If accepted by the high court, Google's case could set up the second major ruling in a year on intellectual property protections afforded to software. In June, the high court ruled in Alice Corp. v. CLS Bank that the patents couldn't cover well-known concepts or ideas that were merely put into software form.

Solicitor General Donald B. Verrilli Jr. is saying the instant case doesn't involve the copying of code for an ordinary computer program and would thus be a poor vehicle for the Supreme Court to address for the first time the application of copyright principle to computer programs.

“Petitioner copied portions of a collection of prewritten Java methods distributed as part of a 'platform' of programming tools designed to assist programmers in writing other computer programs,” the amicus curaie brief said. “As a result, the parties and the courts below have devoted considerable attention to questions … that may have little significance in more common disputes.”

Oracle first sued Google in 2010, claiming the company's market-leading Android smartphone platform violated copyrights and patents for Java.

In 2011, as the case progressed in district court, Google sought inter partes re-examination from the U.S. Patent and Trademark Office of U.S. Patent No. 6,910,205, arguing that the Swedish report anticipated the patent’s claims. The examiner granted the re-examination and rejected all of the challenged claims as anticipated by the report, according to court papers.

In November 2013, the PTAB affirmed the examiner’s rejection. But the Federal Circuit in March 2015 found in a mixed decision that the patent office relied on an incorrect claim construction to invalidate the claims.

The patent infringement claims were eventually chopped off the instant suit. Oracle was initially looking for more than $1 billion in damages, but a federal jury cleared Google of patent infringement in May 2012.

A month later, a trial judge said the APIs in question couldn't be covered by copyright either. But in May 2014 the Federal Circuit overturned that ruling, and the case, and the question of just what kinds of software can be copyrighted, was appealed to the Supreme Court.

At the high court, Google has claimed it needed to use the APIs to make its Android operating system compatible with Java and that Oracle shouldn't be able to monopolize such “basic building blocks of computer design.” The company doesn't claim all software can't be copyrighted, only that the blocks of code at issue in the case are too functional to fall under copyright law — a flaw it says shouldn't be excused by the “multiple ways to express it” rule cited by the Federal Circuit.

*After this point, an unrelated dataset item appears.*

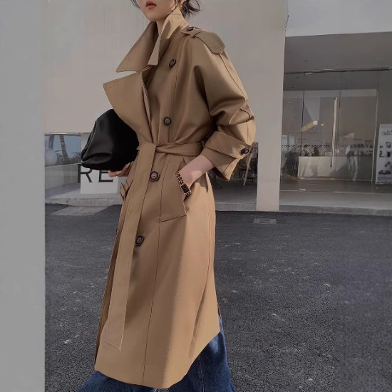 コート レディース アウター 羽織 トレンチコート ロング丈 長袖 襟あり フロントボタン ダブルブレスト ウエストベルト スタイリッシュ 通勤 通学 カジュアル お出かけ おしゃれ きれいめ 女性

Oracle, on the other hand, has urged the high court to refuse the case, saying Google's arguments about interoperability veer into the territory of fair use, something that the Federal Circuit specifically remanded for further lower court proceedings.

The Supreme Court in January invited government briefs on whether it should take up Google's case.

Oracle spokeswoman Deborah Hellinger told Law360 on Tuesday that they were pleased with the Solicitor General's recommendation that the Supreme Court deny Google's cert petition.

“The Solicitor General's brief agrees with the Federal Circuit's decision and affirms the importance of copyright protection as an incentive for software innovation,” Hellinger said.

A Google spokesman told Law360 on Tuesday that, “While we're disappointed, we look forward to supporting the clear language of the law and defending the concepts of interoperability that have traditionally contributed to innovation in the software industry.”

The U.S. is represented by Donald B. Verrilli Jr., Benjamin C. Mizer, Malcolm L. Stewart, John F. Bash, Douglas N. Letter, Mark R. Freeman and Sonia K. McNeil.

Oracle is represented by E. Joshua Rosenkranz of Orrick Herrington & Sutcliffe LLP, and Dale Cendali, Diana Torres and Joshua Simmons of Kirkland & Ellis LLP.

Google is represented by Daryl Joseffer of King & Spalding LLP, Robert Van Nest of Keker & Van Nest LLP and in-house counsel Renny Hwang.

The case is Google Inc. v. Oracle America Inc. case number 14-410, in the Supreme Court of the United States.